If spindles and muscles are not important for specificity of the central connections, what is the source of the peripherally derived signal? One possibility is that development of central projections is regulated by NT3 produced by mesenchymal cells. Indeed, it has previously been shown that NT3 is strongly expressed around growing sensory axons during development (Fariñas et al., 1996). Conditionally deleting NT3 from mesenchymal cells could help to answer this question. Another possibility is that the semaphorin Sema3e, which is expressed in motor neurons, and its high-affinity receptor plexin D1, present in sensory neurons, specify the wiring of the monosynaptic connections, as suggested by Pecho-Vrieseling et al. (2009). Whether plexin D1 expression in proprioceptive neurons is regulated by extramuscle NT3 or other peripherally derived signals remains to be determined.

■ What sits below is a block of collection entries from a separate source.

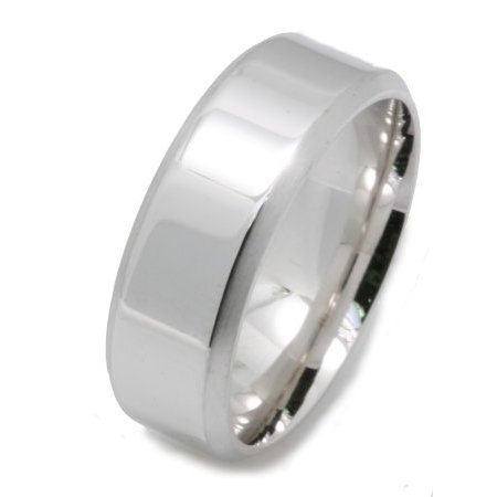 18K white gold, comfort fit, 8.0 mm wide wedding band. The edges are beveled with a matte finish and the center is polished. Other finishes may be selected or specified.
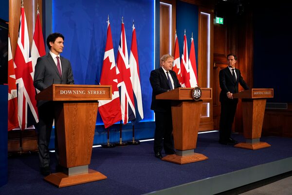 Britain's Prime Minister Boris Johnson, center, Canadian Prime Minster Justin Trudeau, left, and Netherlands Prime Minister Mark Rutte attend a press conference at Downing Street in London, Monday, March 7, 2022.Alberto Pezzali/The Associated Press
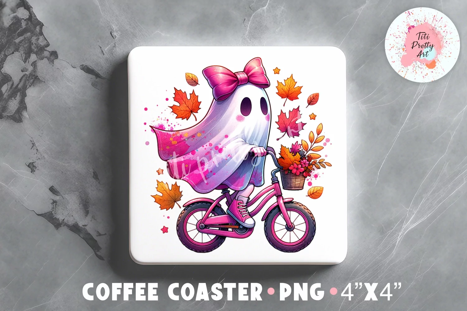 Fall Ghost Square Coaster Sublimation Design Png, Autumn Png
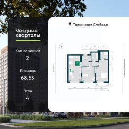 Продается двухкомнатная квартира от застройщика в ЖК "Уездные кварталы" на 4 этаже. Квартира без отделки, новый собственник может сделать ремонт по индивидуальному проекту. Общая площадь: 68.55 кв.м., жилая: 28.52 кв.м., площадь просторной кухни-столовой: 21.39 кв.м. Комнаты изолированные, все окна выходят на одну сторону. В квартире один балкон, два совмещенных санузла. Высота потолков 2.7 м.

An alternative explanation for the fact that spindle-derived NT3 is dispensable during development and first postnatal week is that another spindle-derived factor regulates the establishment and functional development of central connections during this time. One way to distinguish between these two possibilities is to conditionally express the diphtheria toxin receptor in muscle spindles, and then to specifically ablate spindles at different points of embryonic or postnatal development by injecting diphtheria toxin. In this case, the influence of any spindle-derived factor would be eliminated, while leaving the extraspindle source of NT3 intact.

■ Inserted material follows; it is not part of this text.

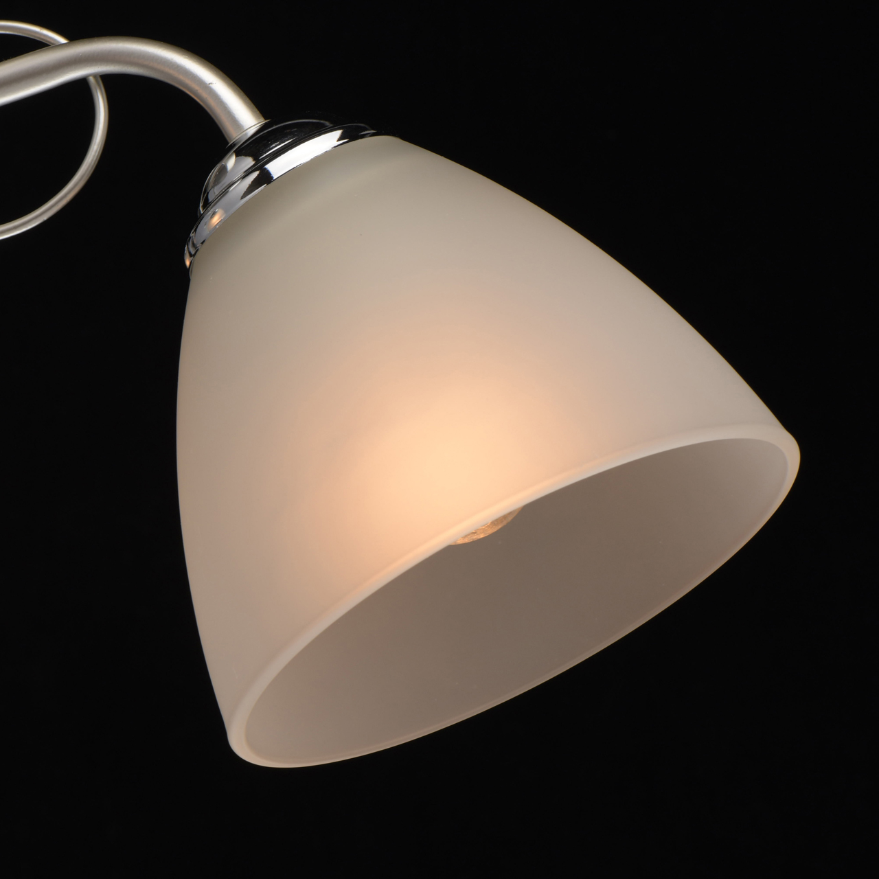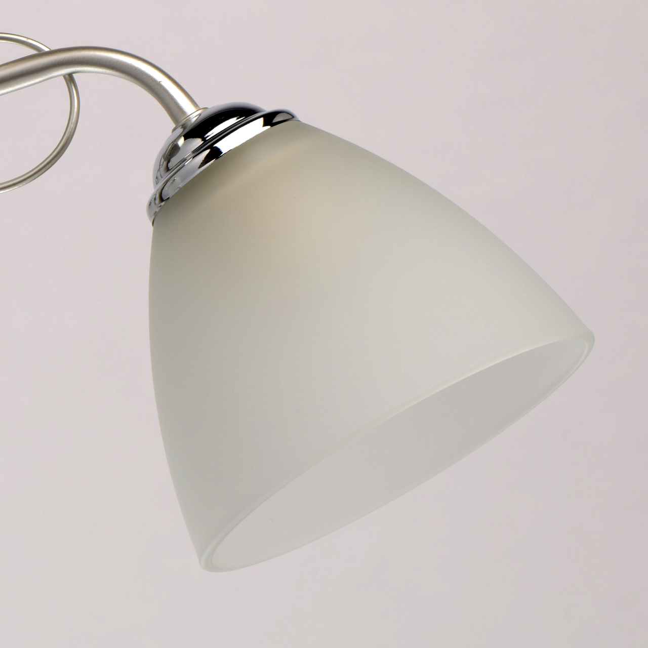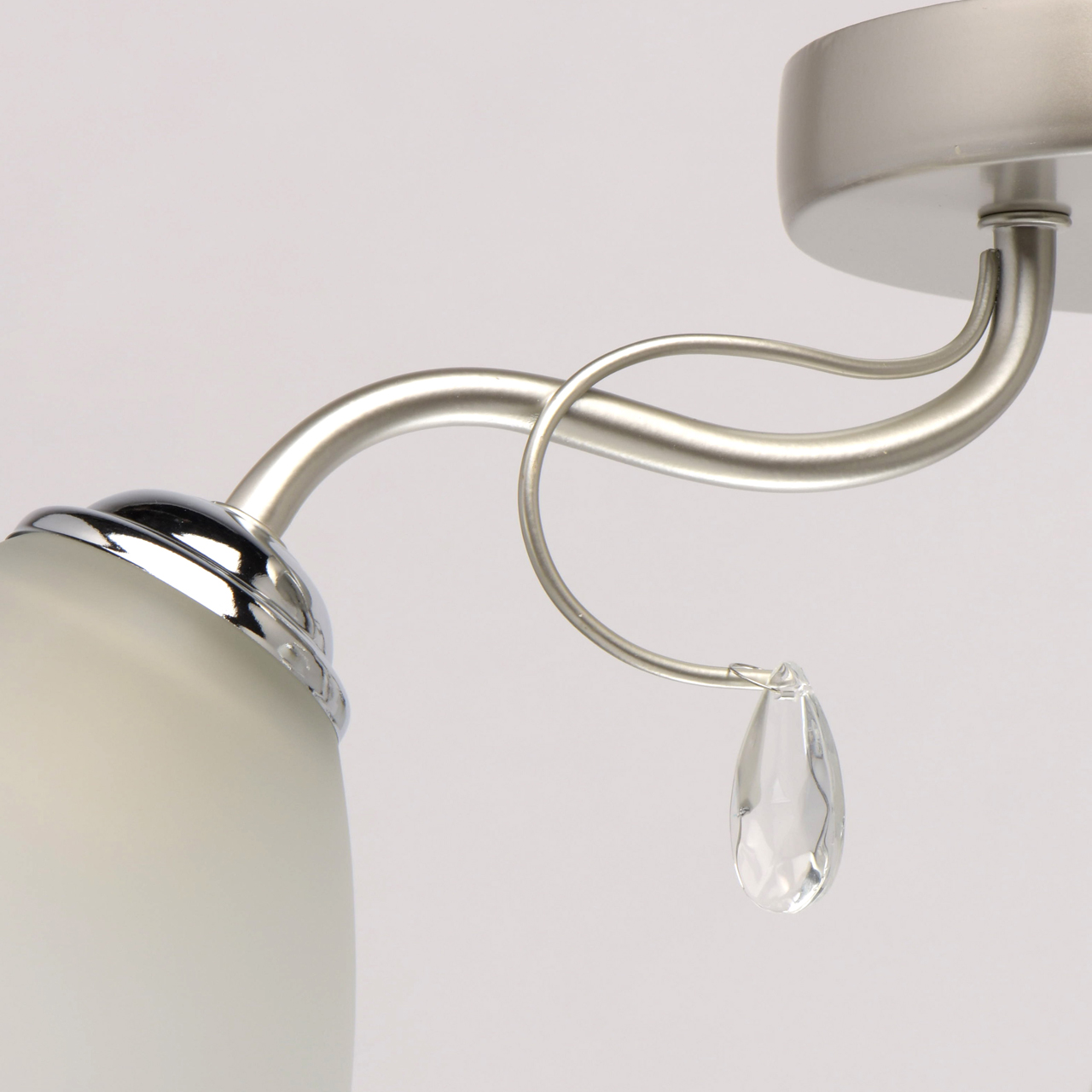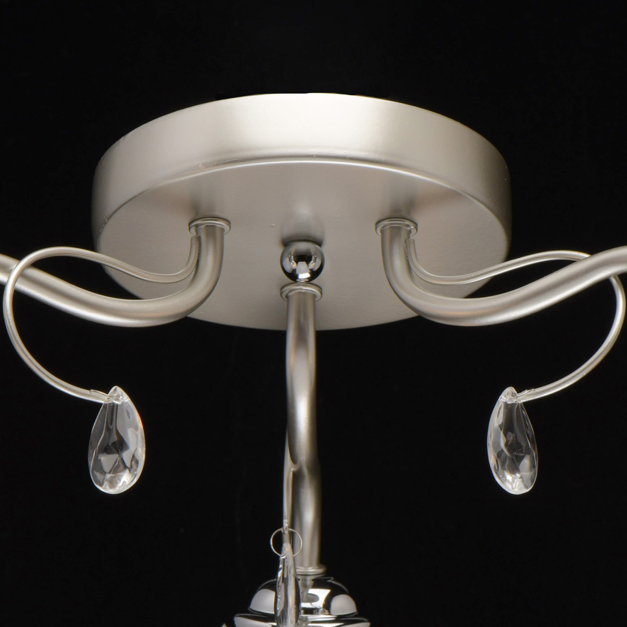 Основание светильника выполнено из металла и окрашено в цвет перламутрового серебра. Держатели плафонов гальванизированы в цвет хрома. Плафоны из матированного стекла. Светильник декорирован подвесками из стекла.

Another question that emerges from the results of Shneider et al. (2009) is why do the central connections become dependent on spindle-derived NT3 only during the second postnatal week? One probable explanation is that this switch is activity dependent. Even though the correct pattern of connections is thought to be established independently of electrical activity during embryonic development, the strength of connections postnatally is likely to depend on activity of the circuit. It is possible that the first postnatal week is an extension of the embryonic period when the general circuit is formed, while the refinement of the connections, such as strengthening of some central synapses and elimination of others, happens when animals start to move and is dependent on spindle-derived NT3. Pharmacological suppression of muscle activity at different stages of postnatal development could help test this hypothesis.

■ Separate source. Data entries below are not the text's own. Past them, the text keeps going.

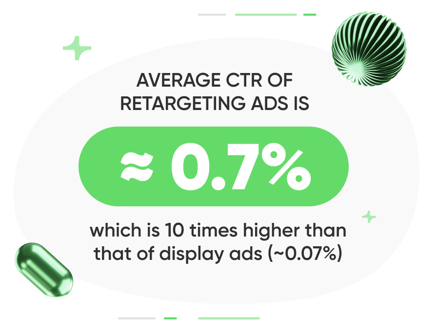 - Average CTR of retargeting ads is ≈ 0.7%, which is 10 times higher than that of display ads (~0.07%)
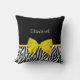 Una almohada blanco y negro de moda del modelo del estampado de zebra con una cinta amarilla linda atada en un arco femenino. Personalice añadiendo su nombre a este diseño elegante seguro para poner en evidencia el fashionista en un chica. Imagen impresa del plano, cinta no real.
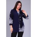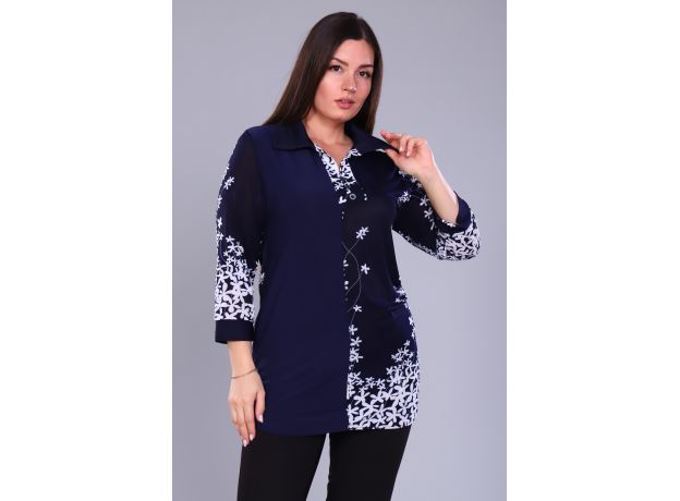 Туника комбинированная, рукав 3/4 с манжетом, отложной воротничок, низ изделия округлый.
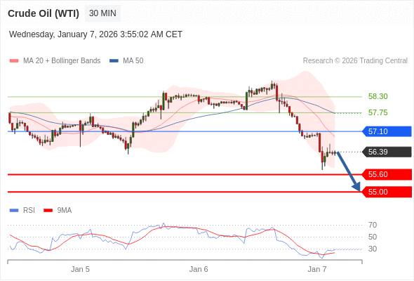 交易策略: 在 57.10 之下,看跌,目标价位为 55.60 ,然后为 55.00 。
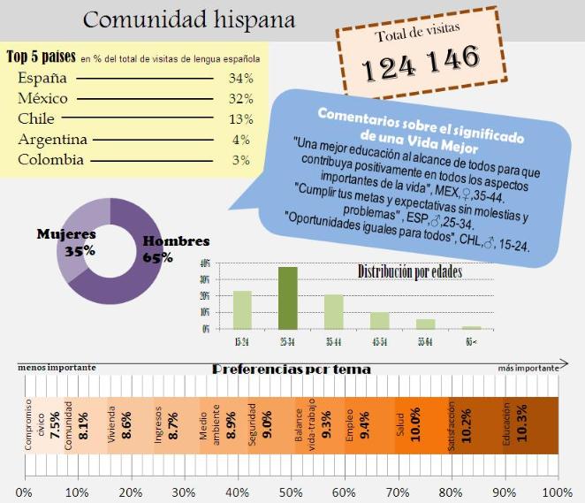 El verano se acerca, y con buen tiempo aumenta la sensación de bienestar. Para saber más sobre este tema, la OCDE te invita en esta tercera edición a conocer con profundidad la calidad de vida de sus países miembros, además de Brasil y la Federación Rusa. A partir de hoy, Your Better Life Index está disponible también en español. Sí, Tu Índice para una Vida Mejor da la bienvenida a su comunidad hispana como se merece.
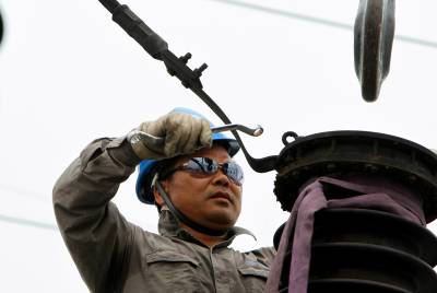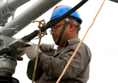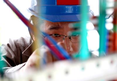 湖北沙洋:塔上“穿针引线” 消除线路隐患
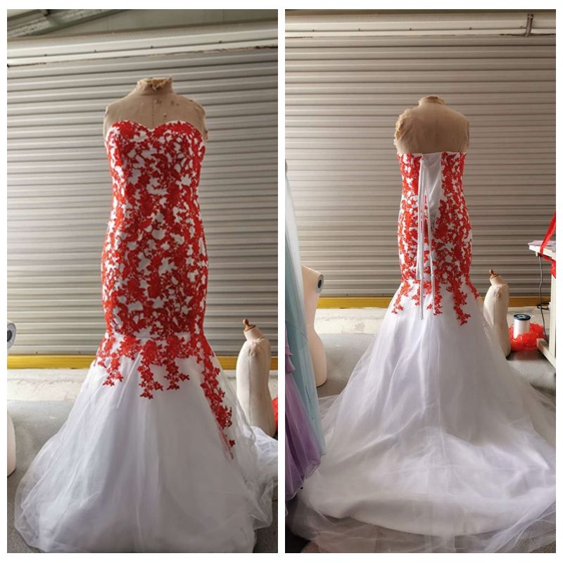 Lace Red And White Wedding Dresses
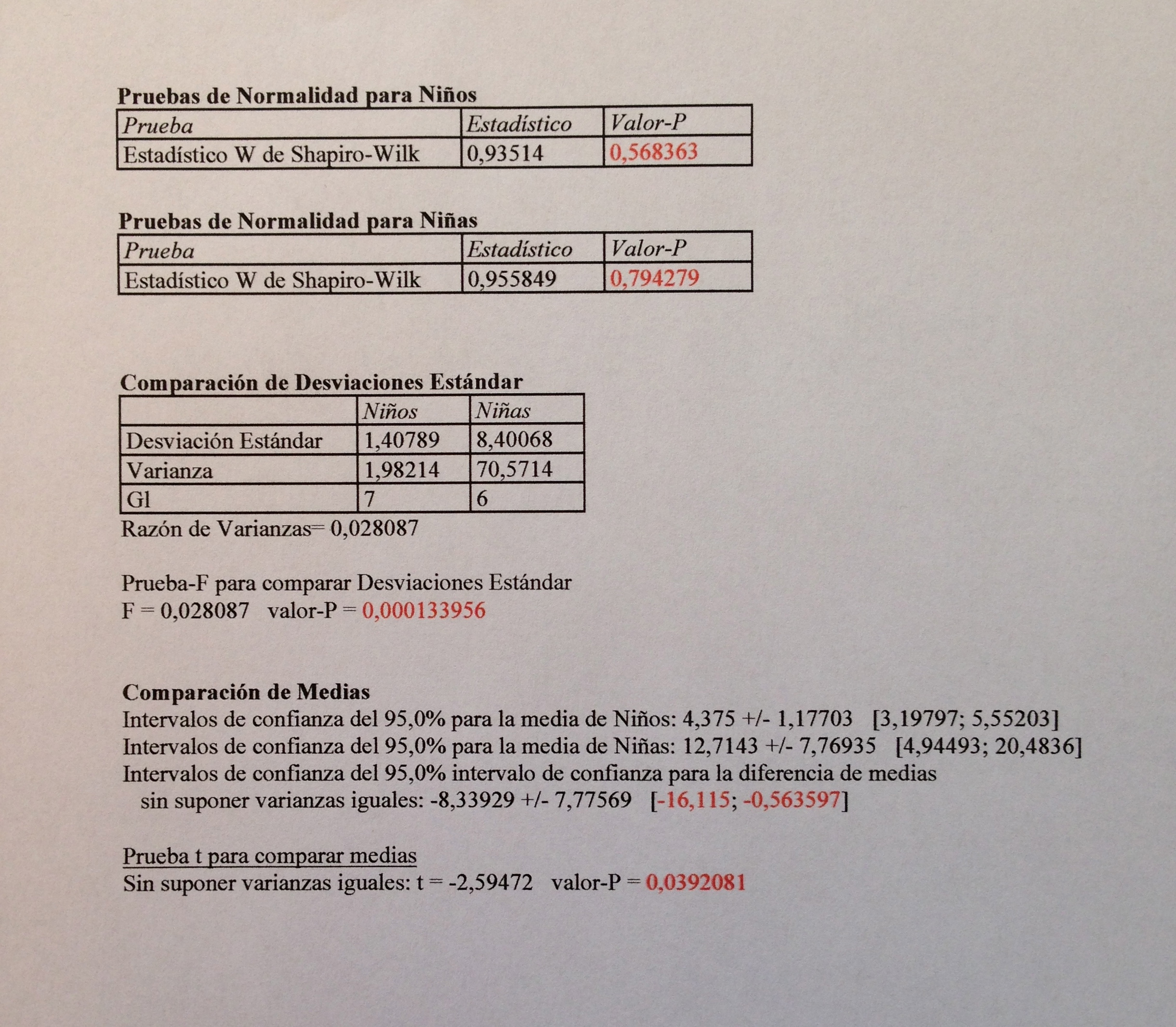 5. Variables continuas, muestras independientes. Hace falta comprobar si hay normalidad y si la hay (que la hay, en este caso) hace falta comprobar la igualdad o no de varianzas o de desviaciones estándar. Si no hay igualdad, que es lo que sucede en este caso, debe aplicarse el Test de la t de Student de muestras independientes y varianzas desiguales. Todos estos pasos se exponen a continuación:

Although many questions remain, the study by Shneider et al. (2009) highlights the limited role of spindles in the establishment of sensorimotor connections and provides key evidence that spindle-derived NT3 is important starting from the second postnatal week.
Footnotes
Editor's Note: These short, critical reviews of recent papers in the Journal, written exclusively by graduate students or postdoctoral fellows, are intended to summarize the important findings of the paper and provide additional insight and commentary. For more information on the format and purpose of the Journal Club, please see http://www.jneurosci.org/misc/ifa_features.shtml.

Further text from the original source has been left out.